# EXERCISE GOAL
Without any pictures, print the lines below from the one that has "6100円】 浮かないバルーンの卓上アレンジ 「バレンタイン・ウィズ・ラブ2026」" through the one that has "The MamaRoo® Multi-Motion", exactly and nothing else.

# THE DATA
>>
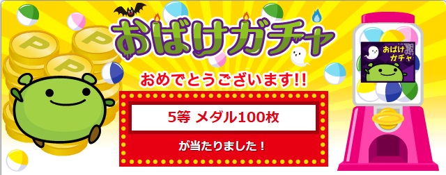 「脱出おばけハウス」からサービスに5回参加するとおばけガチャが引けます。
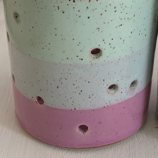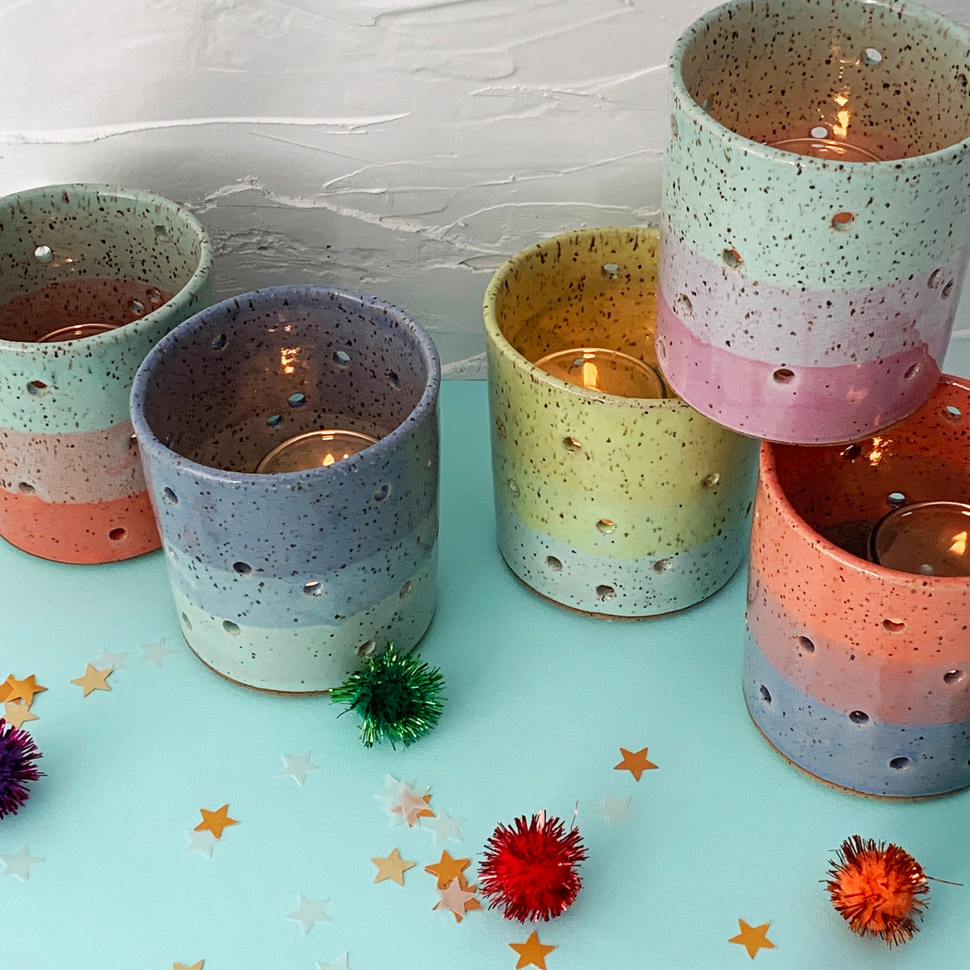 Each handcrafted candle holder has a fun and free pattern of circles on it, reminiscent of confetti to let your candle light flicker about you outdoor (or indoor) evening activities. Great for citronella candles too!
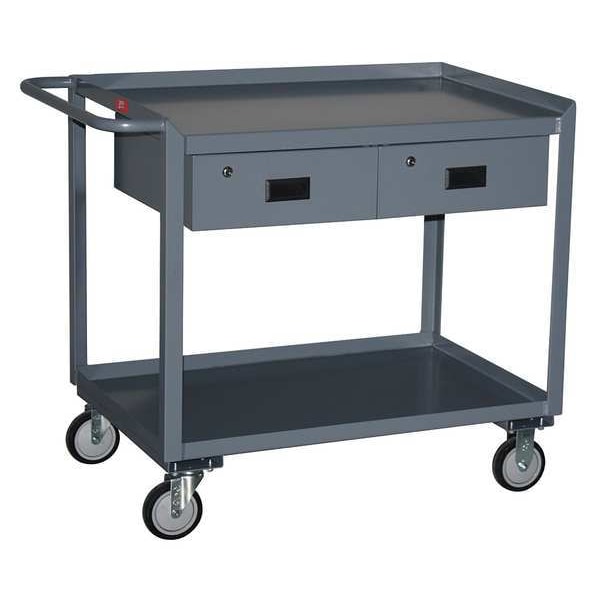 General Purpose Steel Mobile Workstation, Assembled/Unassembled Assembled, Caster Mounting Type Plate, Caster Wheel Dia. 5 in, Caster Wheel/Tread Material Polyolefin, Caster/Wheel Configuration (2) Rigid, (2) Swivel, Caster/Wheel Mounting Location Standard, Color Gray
<<
>>
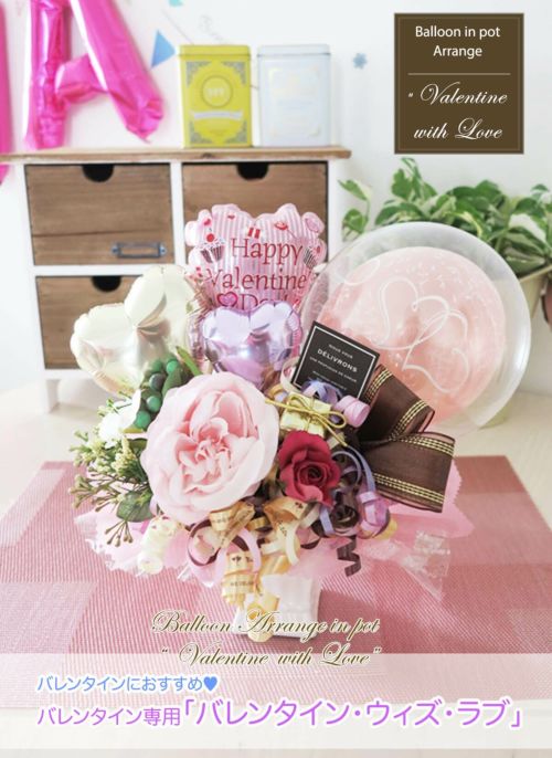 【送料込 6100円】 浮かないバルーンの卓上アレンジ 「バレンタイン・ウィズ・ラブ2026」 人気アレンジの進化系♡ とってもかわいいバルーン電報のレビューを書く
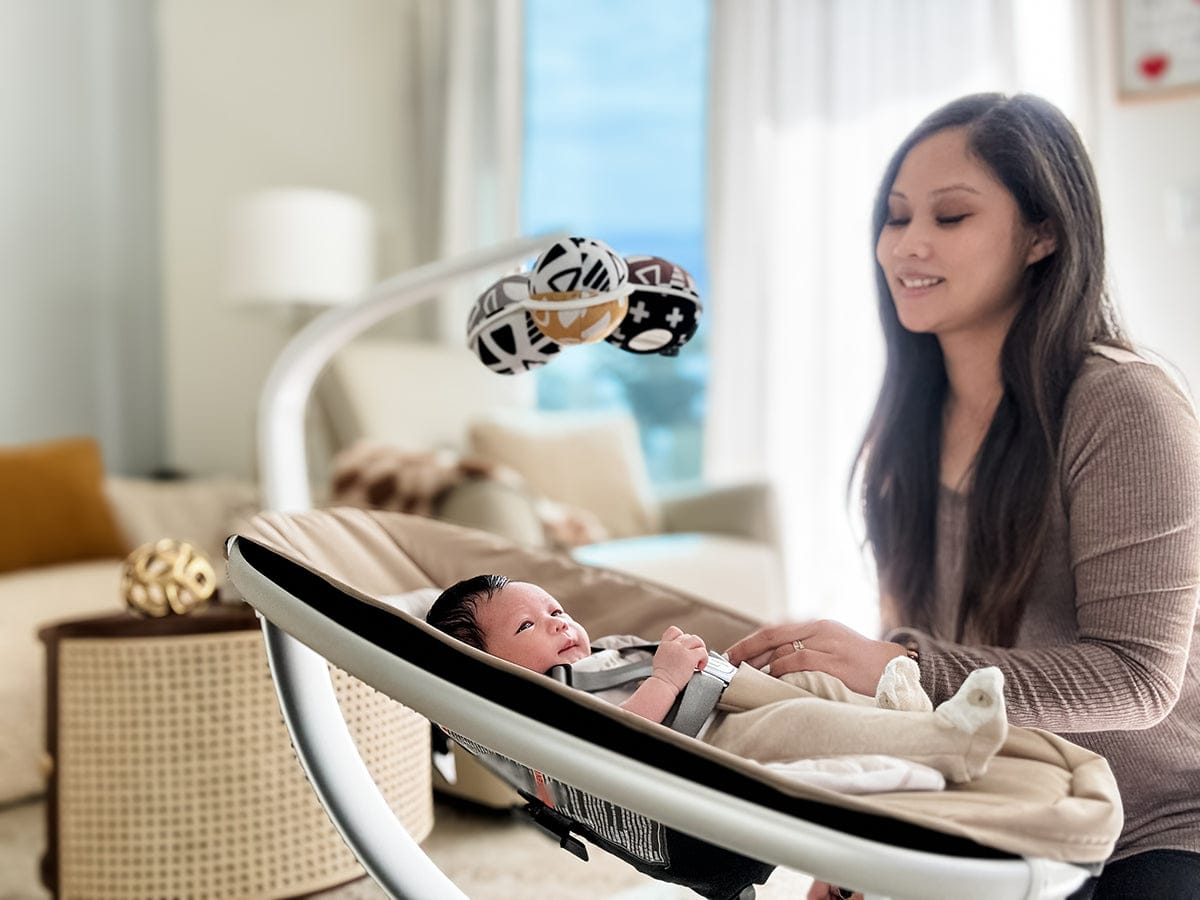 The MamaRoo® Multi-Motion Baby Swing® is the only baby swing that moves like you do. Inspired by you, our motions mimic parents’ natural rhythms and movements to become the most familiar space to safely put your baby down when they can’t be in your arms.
<<
# YOUR SOLUTION
 【送料込 6100円】 浮かないバルーンの卓上アレンジ 「バレンタイン・ウィズ・ラブ2026」 人気アレンジの進化系♡ とってもかわいいバルーン電報のレビューを書く
 The MamaRoo® Multi-Motion Baby Swing® is the only baby swing that moves like you do. Inspired by you, our motions mimic parents’ natural rhythms and movements to become the most familiar space to safely put your baby down when they can’t be in your arms.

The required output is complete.